Strikes me that trying to estimate and bank on the bubble, you can't avoid buying into it.

Bubbles are caused by misinformation, undetected, and taken as information. Like a bank that only has 75% of it's depositors cash on hand, and no good investments... it can still seem to 'work' until people begin to realize the truth... then they discover that the little that was on hand to supply a few needs, isn't enough to supply even the basic needs of all - poof! - the 'bubble' pops.

Those who did the basics, spread their own wealth around into basic, solid investments, aren't imperilled by chance... those who don't attempt to rely upon luck, have the best of it.
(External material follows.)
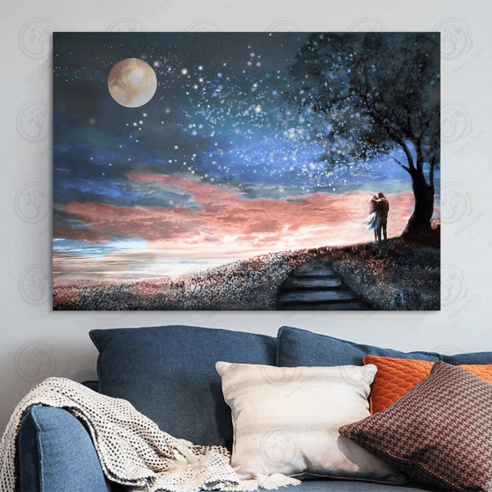 A painting of sky, stars, moon, woman and man under a tree - E1PR-10251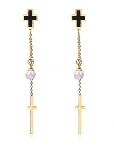 Boucles d'oreilles pendantes avec perles blanches et deux croix dorées dont une vernie de noir. Bijou en acier inoxydable plaqué or 14 carats.

And to try my hnd at extended prognostiction, as I said about two years ago, no point in looking for the bubble in todays market - the entire market is the bubble.

Van Harvey said...

aninnymouse said "And in such a way that deficit spending might have been a bad idea then and a necessary thing to do now?"

I didn't think you could top the idiocy of your comment on the constitution at the end of yesterday's post... but once again I've been proven wrong.

Gagdad Bob said...

It's not just the contradictory advice (don't forget that Bush entered the presidency in a recession, and that it was exacerbated by 9-11), but back then Krugman shrieked that deficits were inflationary, whereas now he claims that worries about future inflation are just fear-mongering. He's a true kook.

Van Harvey said...

b.h. said "What is it good for? What can money buy in terms of power and influence?"

Hmmm.... what would I do with power & influence & lucre. Well, I wouldn't want to change my family situation, or kids neighborhoods & such, so that'd stay the same. Oh, well, I suppose I'd like to do something like what this guy Ben is talking about on NRO, that whole Block Captain thing, helping to pass something like a statewide proposition against Obamaocare like Prop C... maybe help teach people about the meaning of the constitution, even do some door to door type stuff...

Oh! Wait a minute! Ben is one of young lawyer's I was talking with the other night... and wait a minute... I am one of the Block Captain's he's talking about in the article... and I did help to get a statewide proposition passed to challenge Obamaocare... and I am helping to teach classes about the meaning of the constitution, and I am going door to door in neighborhoods talking with people... gosh... other than I suppose it would probably be swell to not have to worry about a few bills... I guess I'm already doing exactly what I'd like to be doing already... gosh... sorry b.h... I guess I'm already pretty much living the life I'd like to be living.

Darn. Sorry about that.

Magnus Itland said...

That a disaster is predictable does not mean it will be averted. It may be mentally inconvenient to do so.

ge said...

fruitful correspondencers: 'Miracles' in MOT*
also see the creme de G. Bataille: GUILTY ...INNER EXPERIENCE ...ON NIETZSCHE re his god 'chance'

*pdf at
http://tarothermeneutics.com/tarotliterature/MOTT/Meditations-on-the-Tarot.pdf

ge said...

ps was Gary Lewis mentioned here some weeks ago? see http://www.redtelephone66.com/

Stephen Macdonald said...

b-hole said:

What to do when one has an enourmouos pile of lucre?

Personally I plan to hit the 9 figure club by age 50, then spend 95% of that on a concentrated offensive designed specifically to bring angry Marxist lesbians to Jesus.

Van Harvey said...

I didn't say I don't need money, I'm just not foolish enough to mistake it for being anything other than money.